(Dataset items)
[Start of section]

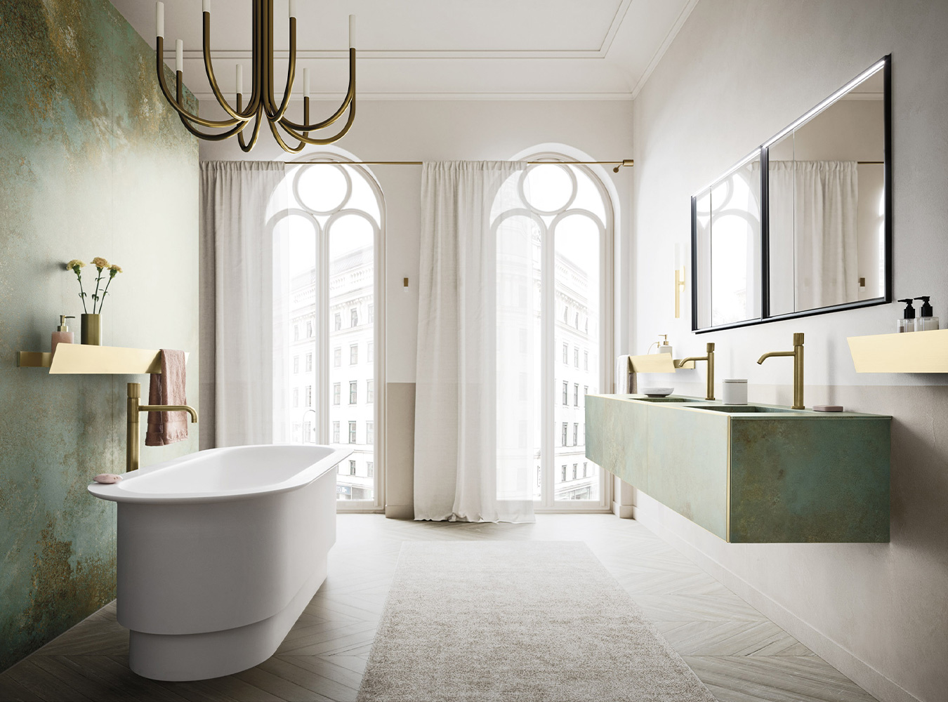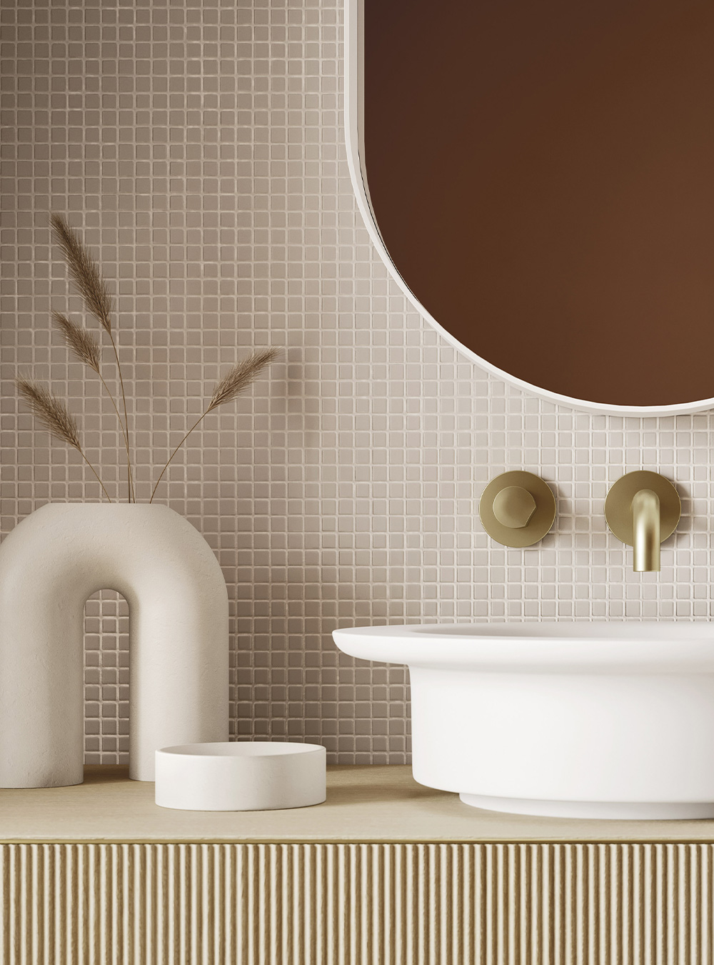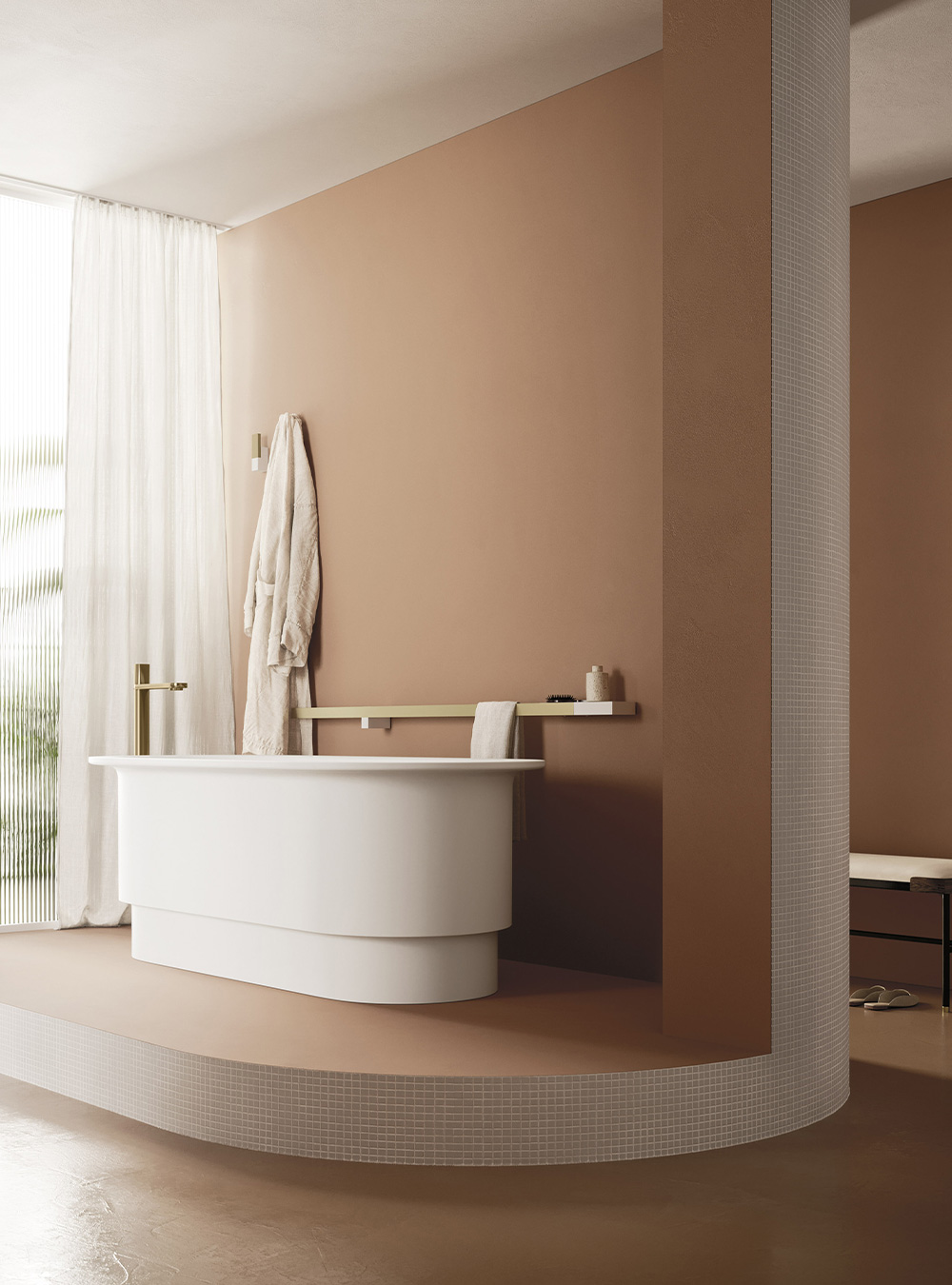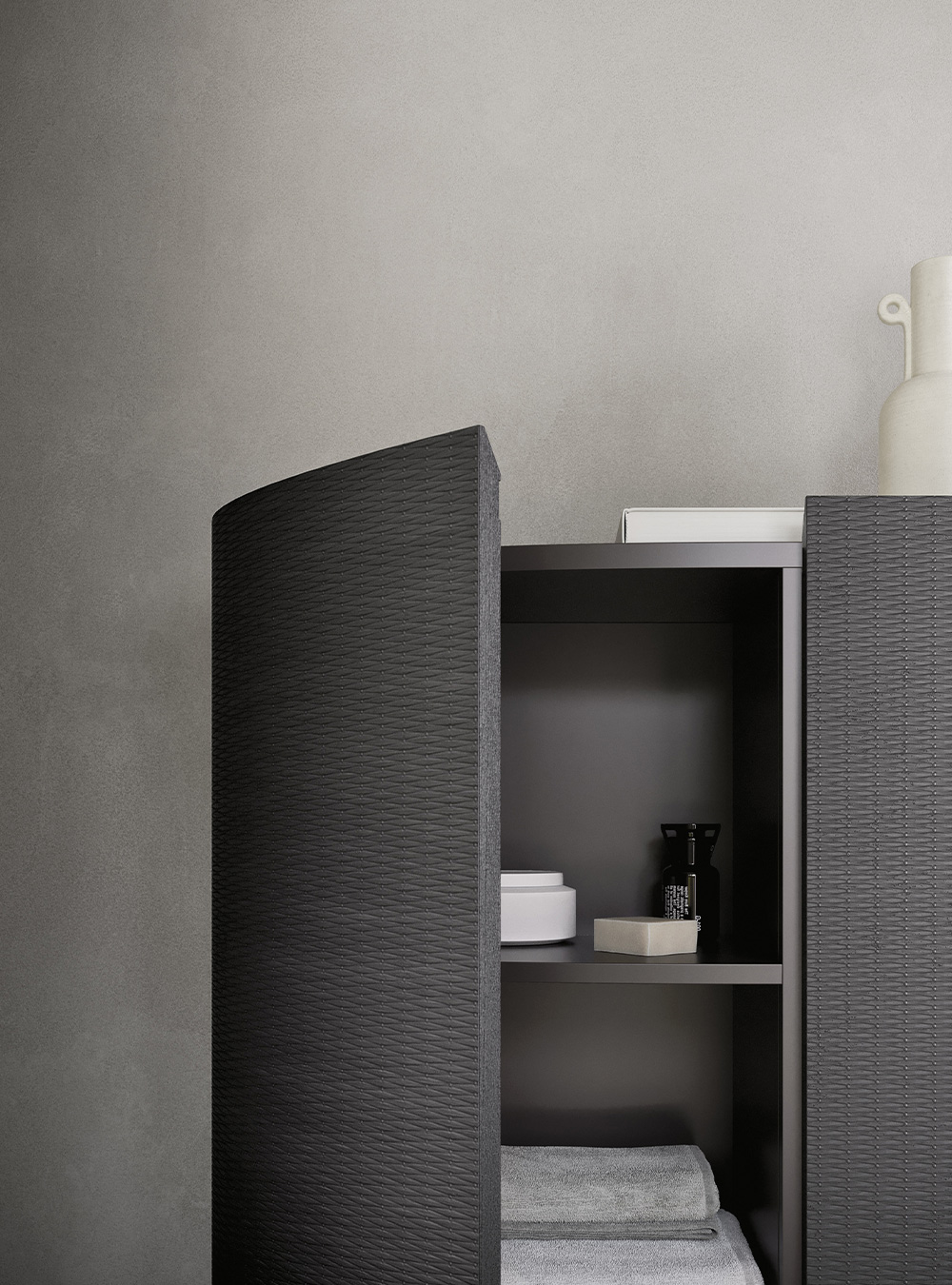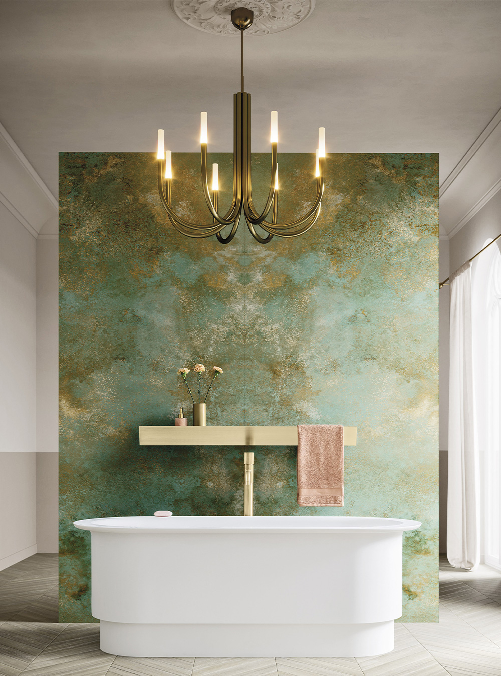 A precious frame in a brushed finish which encircles unusual tactile and visual effects. The warmth of wood, the charm of ceramics and the prestige of marble are exhalted by innovative manufacturing processes. Thanks to luxor, the space is filled with pure beauty, without compromise nor comparisons.
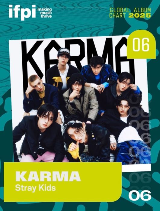 21일 국제음반산업협회가 공식 홈페이지와 SNS 채널을 통해 발표한 바에 따르면, 스트레이 키즈 정규 4집 'KARMA'(카르마)는 2025 '글로벌 앨범 차트'(Global Album Chart) 6위를 차지했다. 스트레이 키즈는 2022년 'MAXIDENT'(맥시던트), 2023년 '★★★★★ (5-STAR)'(파이브스타)와 '樂-STAR'(락스타), 2024년 'ATE'(에이트)에 이어 4년 연속 해당 차트에 이름을 올렸다.
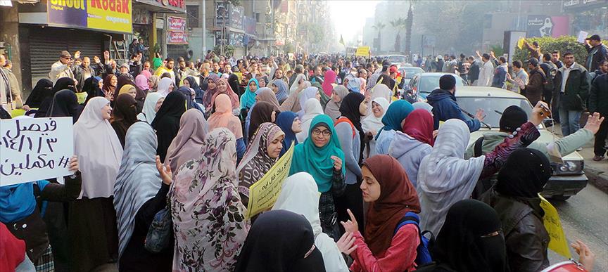 Medinet Nasr'da Ezher Üniveristesi'nin kız öğrencileri de protesto eylemlerine devam ediyor.
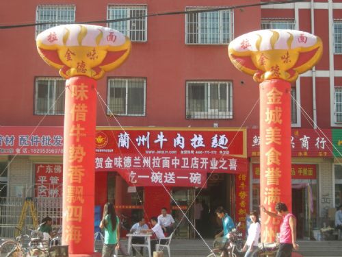 金味德兰州拉面中卫加盟店已隆重开业,该店经营面积100多平方米,装修风格朴素大方,用餐环境优雅,经营品种以传统兰州牛肉拉面系列拉面为主,特色经营品种为酸菜牛肉拉面,兼营炒面条、小菜。届时,欢迎广大顾客前来品尝。
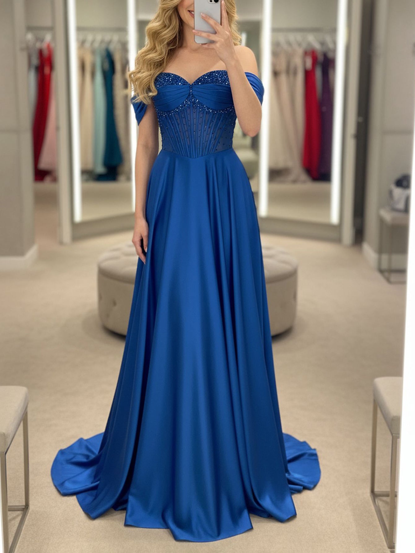 This satin prom gown features crystal beading sheer on the illusion bodice. The evening dress has a sweetheart neckline and pleated hem. Worldprom mermaid prom dresses are ideal for party, evening or festivals.

[End of section]

[Exercise goal]
This task asks for the data above repeated exactly, without a single picture.

[Exercise response]
 A precious frame in a brushed finish which encircles unusual tactile and visual effects. The warmth of wood, the charm of ceramics and the prestige of marble are exhalted by innovative manufacturing processes. Thanks to luxor, the space is filled with pure beauty, without compromise nor comparisons.
 21일 국제음반산업협회가 공식 홈페이지와 SNS 채널을 통해 발표한 바에 따르면, 스트레이 키즈 정규 4집 'KARMA'(카르마)는 2025 '글로벌 앨범 차트'(Global Album Chart) 6위를 차지했다. 스트레이 키즈는 2022년 'MAXIDENT'(맥시던트), 2023년 '★★★★★ (5-STAR)'(파이브스타)와 '樂-STAR'(락스타), 2024년 'ATE'(에이트)에 이어 4년 연속 해당 차트에 이름을 올렸다.
 Medinet Nasr'da Ezher Üniveristesi'nin kız öğrencileri de protesto eylemlerine devam ediyor.
 金味德兰州拉面中卫加盟店已隆重开业,该店经营面积100多平方米,装修风格朴素大方,用餐环境优雅,经营品种以传统兰州牛肉拉面系列拉面为主,特色经营品种为酸菜牛肉拉面,兼营炒面条、小菜。届时,欢迎广大顾客前来品尝。
 This satin prom gown features crystal beading sheer on the illusion bodice. The evening dress has a sweetheart neckline and pleated hem. Worldprom mermaid prom dresses are ideal for party, evening or festivals.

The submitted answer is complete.